** Supplied records follows **
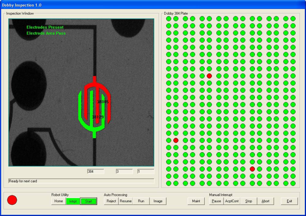 Purpose of this automated vision inspection system is to inspect Micro Electrodes for opens on an electrode assembly layer (card) mounted on PET film
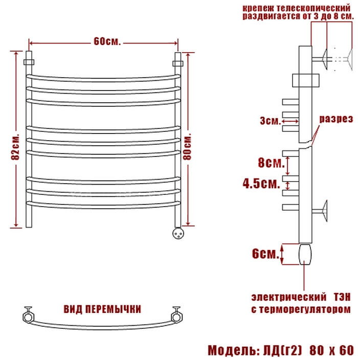 Полотенцесушитель электрический Ника ARC ЛД (Г2) 80/60 правый тэн
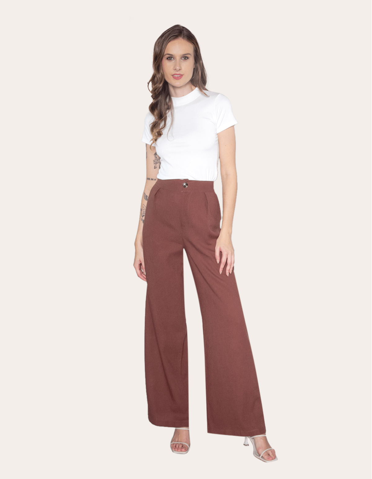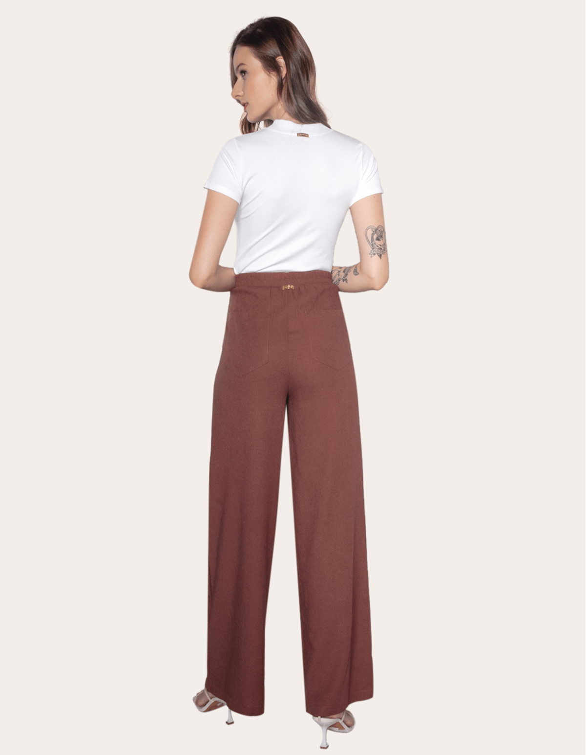 Calça modelagem pantalona, possui bolsos facas nas laterais e bolsos atrás, seu fechamento é por zíper e botão. esbanja elegância por onde passa.
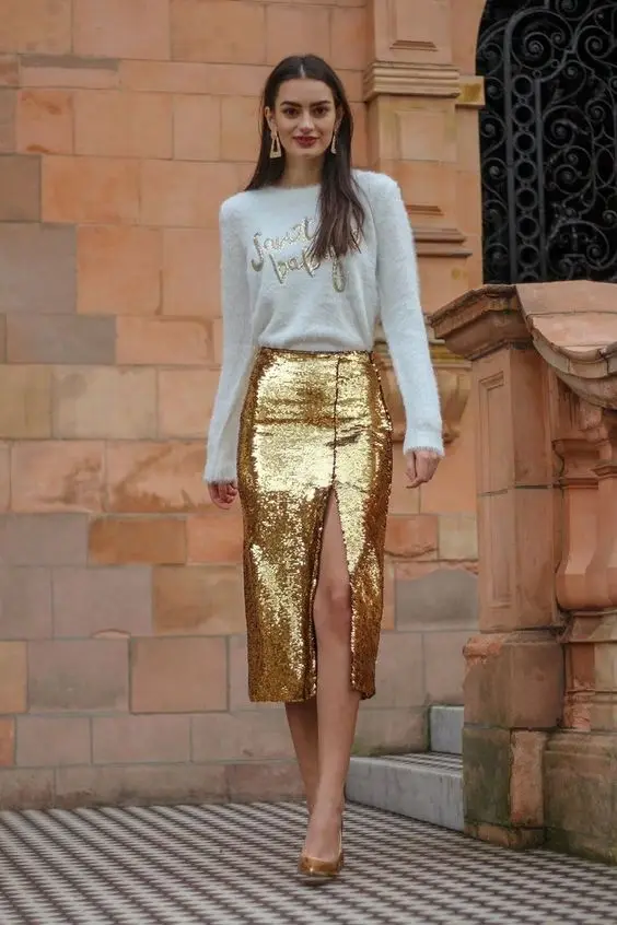 Женская юбка до середины икры, с блестками, золотистого цвета, на заказ, деловая, вечерняя, юбки, беспланая доставка
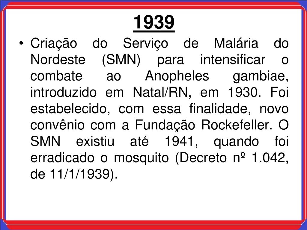 1939 Criação do Serviço de Malária do Nordeste (SMN) para intensificar o combate ao Anopheles gambiae, introduzido em Natal/RN, em 1930. Foi estabelecido, com essa finalidade, novo convênio com a Fundação Rockefeller. O SMN existiu até 1941, quando foi erradicado o mosquito (Decreto nº 1.042, de 11/1/1939).
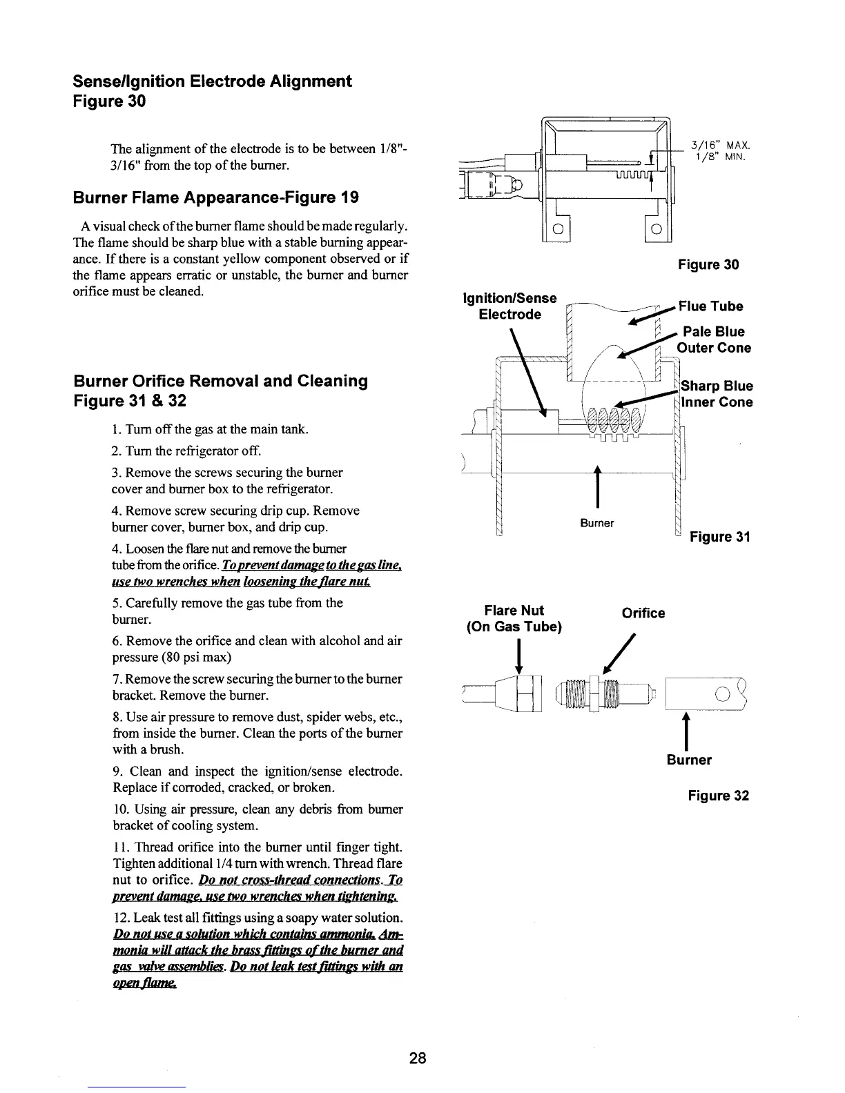 Norcold 1200LR - Sense;Ignition Electrode Alignment; Burner Flame Appearance; Burner Orifice Removal and Cleaning
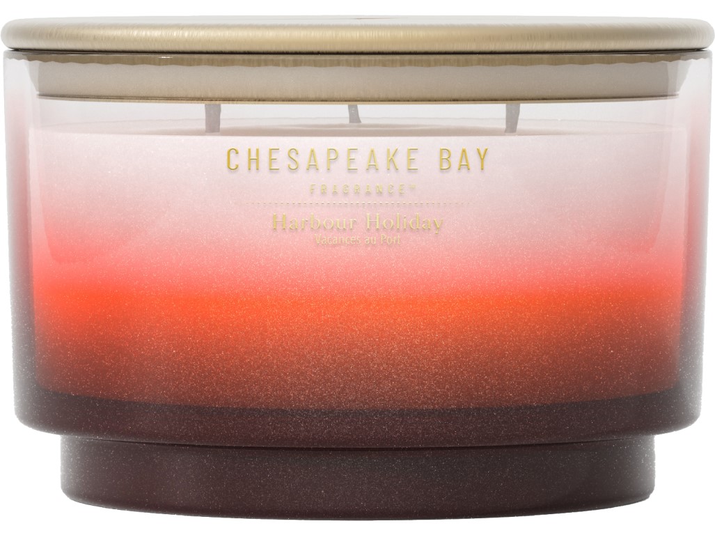 Svíčka Chesapeake Bay se 3 knoty (411 g) je stvořená pro chvíle, kdy chcete vytvořit výraznou atmosféru a naplnit prostor intenzivní, a přesto vyváženou vůní. Nabízí hluboký prožitek obohacený o přírodní esenciální oleje a exkluzivní složku Spindrift Accord™, která přináší do interiéru svěží, harmonický nádech inspirovaný pobřežím.Směs sójového vosku bez barviv a tři knoty ze 100% přírodních vláken zajišťují rychlé vytvoření vonného jezírka a čisté hoření po dobu až 36 hodin. Skleněná nádoba s jemným ombré efektem čerpá inspiraci z krásy matného mořského skla a spolu se stylovým víčkem tvoří elegantní doplněk, který dodá prostoru hloubku a útulnost. Vůně se rychleji rozprostře do celé místnosti a vytvoří příjemné prostředí pro relaxaci i společné chvíle.Ideální volba pro provonění větších místností, večerní odpočinek i výjimečné příležitosti, kdy chcete do domova vnést klidnou eleganci pobřeží.TIP: Pro rovnoměrné hoření nechte svíčku při každém zapálení rozpustit až ke kraji.
** End of Supplied records **
_Directions_: Nothing but the lines from the beginning of the material above through the line containing "Norcold 1200LR - Sense;Ignition" should appear in the answer, copied exactly and free of pictures.

_Written answer_:
 Purpose of this automated vision inspection system is to inspect Micro Electrodes for opens on an electrode assembly layer (card) mounted on PET film
 Полотенцесушитель электрический Ника ARC ЛД (Г2) 80/60 правый тэн
 Calça modelagem pantalona, possui bolsos facas nas laterais e bolsos atrás, seu fechamento é por zíper e botão. esbanja elegância por onde passa.
 Женская юбка до середины икры, с блестками, золотистого цвета, на заказ, деловая, вечерняя, юбки, беспланая доставка
 1939 Criação do Serviço de Malária do Nordeste (SMN) para intensificar o combate ao Anopheles gambiae, introduzido em Natal/RN, em 1930. Foi estabelecido, com essa finalidade, novo convênio com a Fundação Rockefeller. O SMN existiu até 1941, quando foi erradicado o mosquito (Decreto nº 1.042, de 11/1/1939).
 Norcold 1200LR - Sense;Ignition Electrode Alignment; Burner Flame Appearance; Burner Orifice Removal and Cleaning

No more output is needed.